### Data segment
---*---

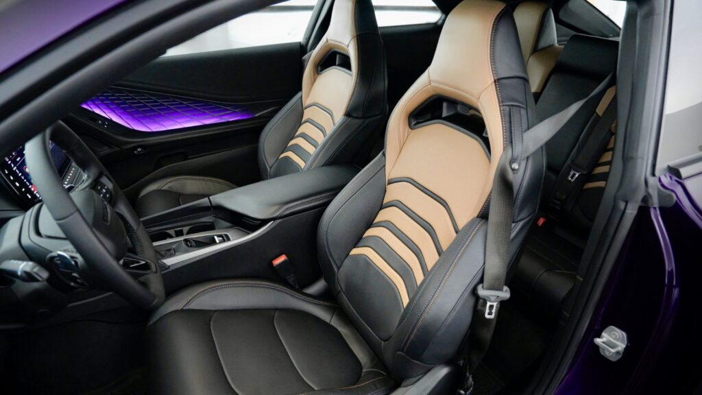 Inside, it’s a leather-clad love letter to muscle fanatics—Tuscany Ink and Palomino hides stitched with orange and purple threads, mirroring the car’s wicked exterior. Practical? Sure, with Mopar’s heavy-duty mats and pedal covers, but nobody’s fooled. This cabin’s built for drivers who want luxury without losing an ounce of attitude.
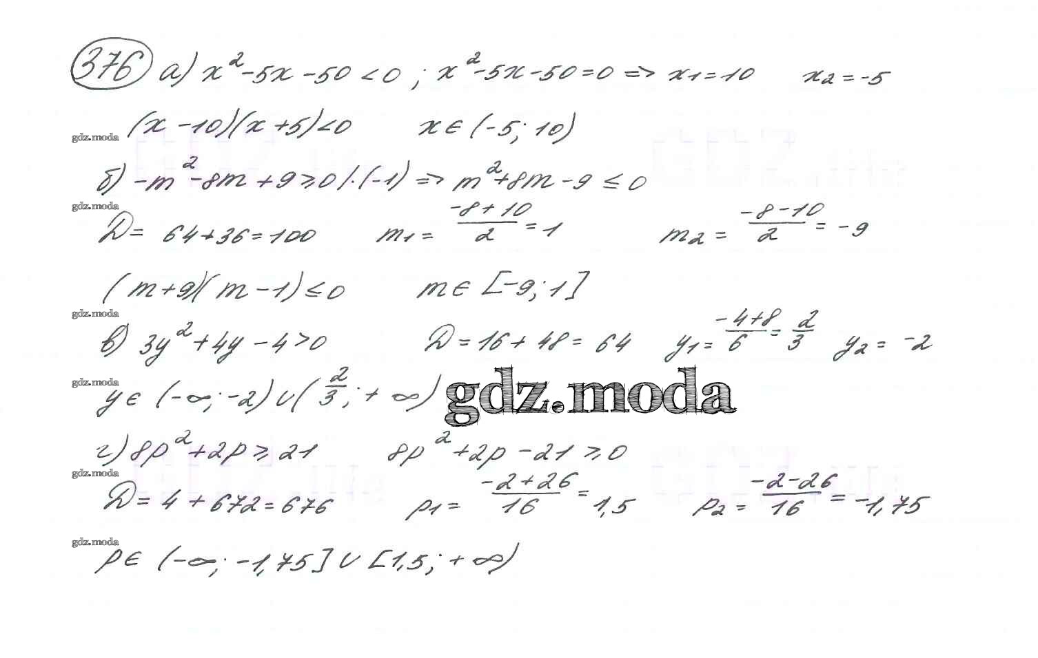 ОТВЕТ на задание № 376 Учебник по Алгебре 9 класс Макарычев
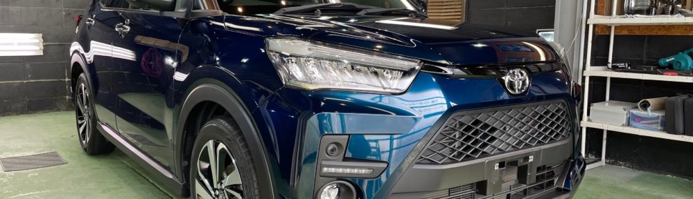 TOYOTA RAIZE お世話になっていますオーナー様より、新車コーティング施工から5年間のサポート期間が終了し、新規継続ボディガラスコーティング、窓ガラスコーティング、ホイールコーティング施工のご依頼です。異物除去やボディ全体のポリッツシュ作業、コート剤+トップコート施工。上面部の深いシミや経年劣化はあるのの全体的に見ればキレイは確実に維持できています。

---*---

### Task description
Return all the material exactly, pictures excluded.

### Solution for this problem
 Inside, it’s a leather-clad love letter to muscle fanatics—Tuscany Ink and Palomino hides stitched with orange and purple threads, mirroring the car’s wicked exterior. Practical? Sure, with Mopar’s heavy-duty mats and pedal covers, but nobody’s fooled. This cabin’s built for drivers who want luxury without losing an ounce of attitude.
 ОТВЕТ на задание № 376 Учебник по Алгебре 9 класс Макарычев
 TOYOTA RAIZE お世話になっていますオーナー様より、新車コーティング施工から5年間のサポート期間が終了し、新規継続ボディガラスコーティング、窓ガラスコーティング、ホイールコーティング施工のご依頼です。異物除去やボディ全体のポリッツシュ作業、コート剤+トップコート施工。上面部の深いシミや経年劣化はあるのの全体的に見ればキレイは確実に維持できています。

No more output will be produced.